PyTorch + DASK

pyTorch Distributed

This guide walks through how you can quickly distribute deep learning models using pyTorch in a distributed environment. It assumes you have already completed the basic Python & MPI tutorial, Python & Dask tutorial, and understand the basics of torch.

High level “what’s going on here”

We’re going to be relying heavily on PyTorch’s “torch.nn.parallel.DistributedDataParallel”, using Dask to request the resources on our nodes. This strategy will effectively send different parts of our dataset to different nodes - i.e., different “batches” - and solve for those in a distributed way. A master will then aggregate the results (gradients, by taking the mean), provide the solution for an Epoch, update the weights, send the new model out to the nodes, and repeat for each Epoch.

This strategy for parallelization is a bit different from what we present in our scikit-learn examples - i.e., here we’re going to be fitting a single model using all of our nodes, instead of multiple models with different hyper-parameters.

Requirements

conda install -c pytorch pytorch=1.12.1 torchvision=0.13.1

conda install dask pandas

conda install dask-jobqueue -c conda-forge

You should have the UC Merced satellite imagery downloaded, as specified in the basics of torch tutorial.

Job File

As before with our dask job files, there isn’t much special here. We’re only requesting one node, which will put our other requests in for us.

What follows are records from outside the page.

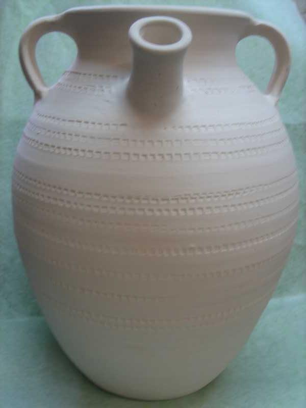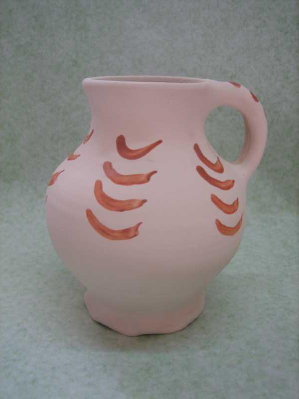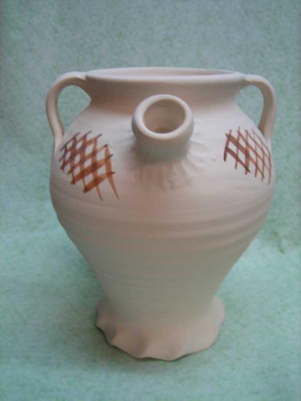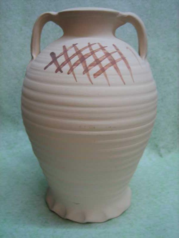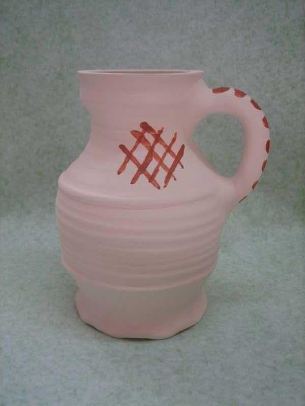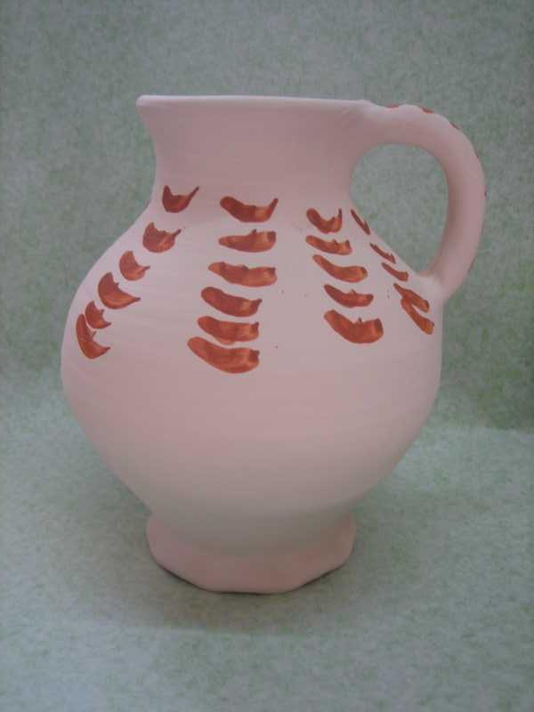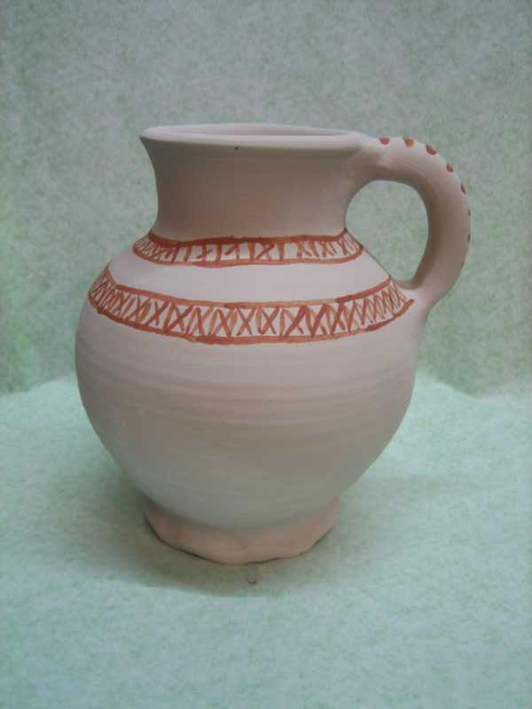 Krug mit 2 Henkeln ,unglasiert , mit Engobebemalung
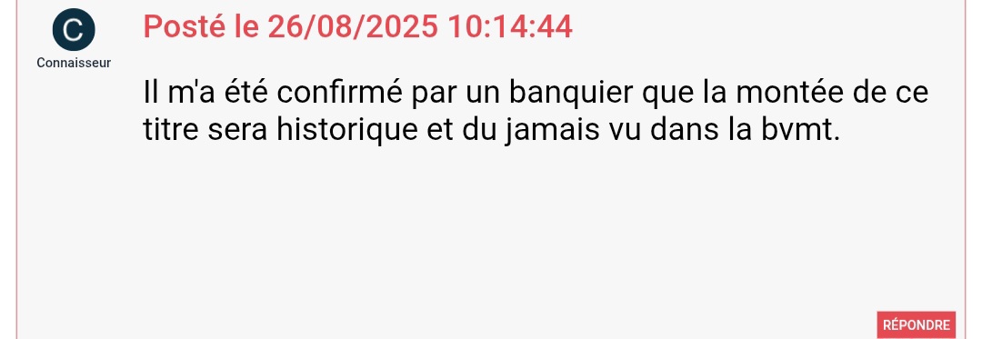 Il m'a été confirmé par un banquier que la montée de ce titre sera historique et du jamais vu dans la bvmt.
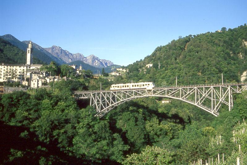 FART Centovalli-Bahn REGIONALZUG 313 von Camedo nach Locarno am 07.06.1995 bei Intragna auf Ponte Isorno mit Triebwagen ABe 4/6 51. Hinweis: Brückenhöhe 79m, Bogenweite 90m. Blick nach Intragna mit den höchsten Campanile des Tessin
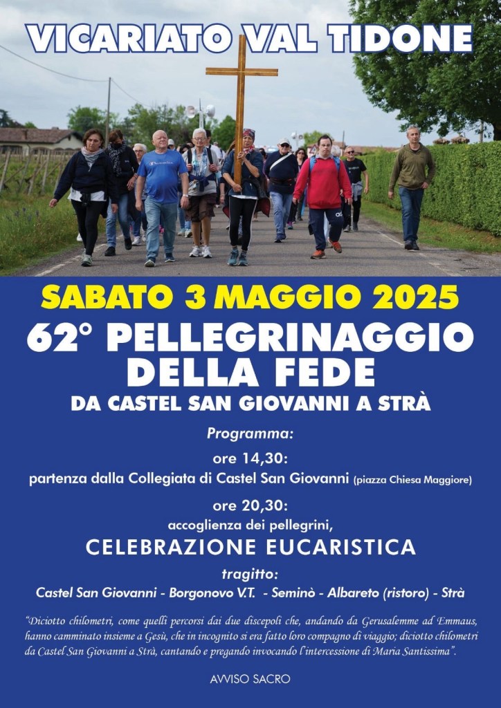 Tradizionale pellegrinaggio mariano con partenza dalla Collegiata di Castel San Giovanni e arrivo al Santuario di Strà.
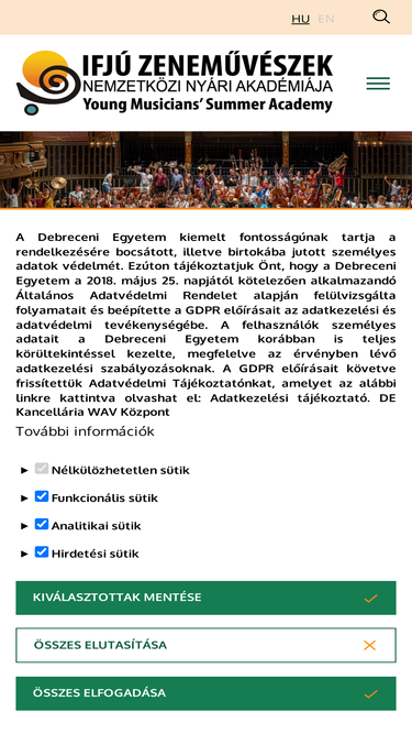 57%ifjú zeneművészek nemzetközi nyári akadémiája szakközépiskolás növendékek, főiskolások, egyetemi hallgatók és fiatal zenetanárok számára.

Because we will be printing to a file to generate our log, you may also want to familiarize yourself with the linux terminal watch command.

Note that if you have to kill your job, you can type in: qstat -u <yourusername>

Identify the jobID that is asscoiated with the name specified in this job script - here it is demojob. You can then do: qdel <jobID> to kill the job. This will then kill all Dask jobs as well (though it takes a minute for them to clear out).

#!/bin/tcsh
#PBS -N demojob
#PBS -l nodes=1:vortex:ppn=12
#PBS -l walltime=03:00:00
#PBS -j oe

source "/usr/local/anaconda3-2021.05/etc/profile.d/conda.csh"
module load anaconda3/2021.05
module load python/usermodules

unsetenv PYTHONPATH

conda activate torchEnv

cd torchEX
python distTorch.py >& out_dask.out

Directory structure

To run succesfully, the python file will need to be modified in a few ways:

  1. You need to point the data loader towards where you unzipped the images.
  2. You need to create a “checkpoints” folder, and point the script to where it is. This is where models are saved on disk each epoch.
  3. You need to change a few paths for file ouputs, including for a log file and a file that the nodes use to exchange an IP address.

The Python File

All of the magic is done within Python, courtesy of Dask. The below is heavily commented, so I’ll let those comments speak for themselves!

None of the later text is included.